Extracted data
———

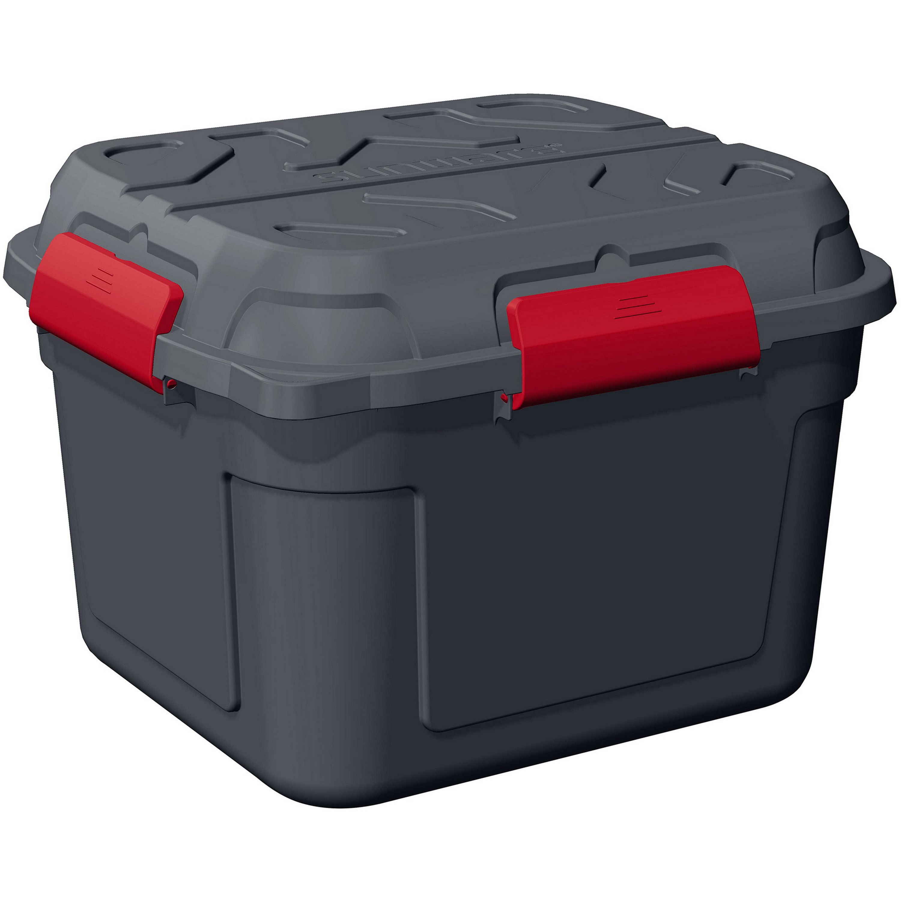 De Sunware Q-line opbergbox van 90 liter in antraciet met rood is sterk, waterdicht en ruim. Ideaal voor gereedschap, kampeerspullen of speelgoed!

———

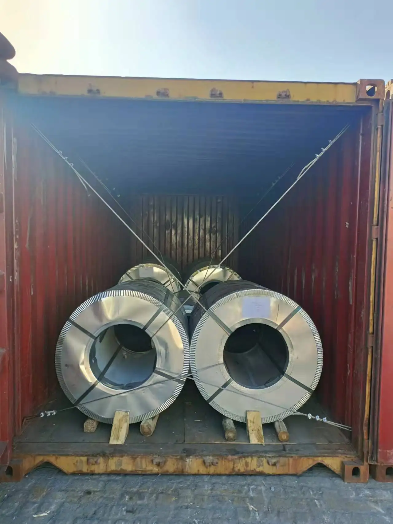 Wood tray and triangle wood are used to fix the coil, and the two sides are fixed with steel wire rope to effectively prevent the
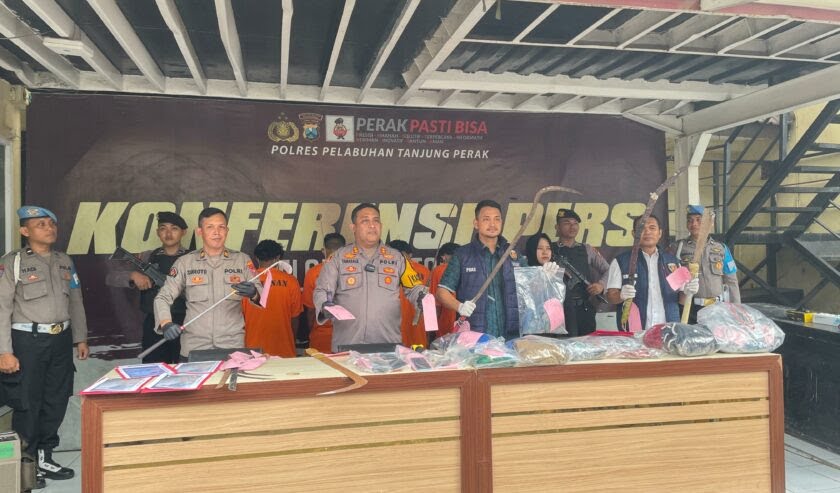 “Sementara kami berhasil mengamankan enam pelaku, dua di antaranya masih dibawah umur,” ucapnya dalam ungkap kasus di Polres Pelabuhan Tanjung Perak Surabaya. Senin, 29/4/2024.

———

Problem requirements
Find the line with "Wood tray and" and the line with "Surabaya. Senin, 29/4/2024." in the records above. Copy both and all lines between them exactly, without pictures.

Reply to the exercise
 Wood tray and triangle wood are used to fix the coil, and the two sides are fixed with steel wire rope to effectively prevent the
 “Sementara kami berhasil mengamankan enam pelaku, dua di antaranya masih dibawah umur,” ucapnya dalam ungkap kasus di Polres Pelabuhan Tanjung Perak Surabaya. Senin, 29/4/2024.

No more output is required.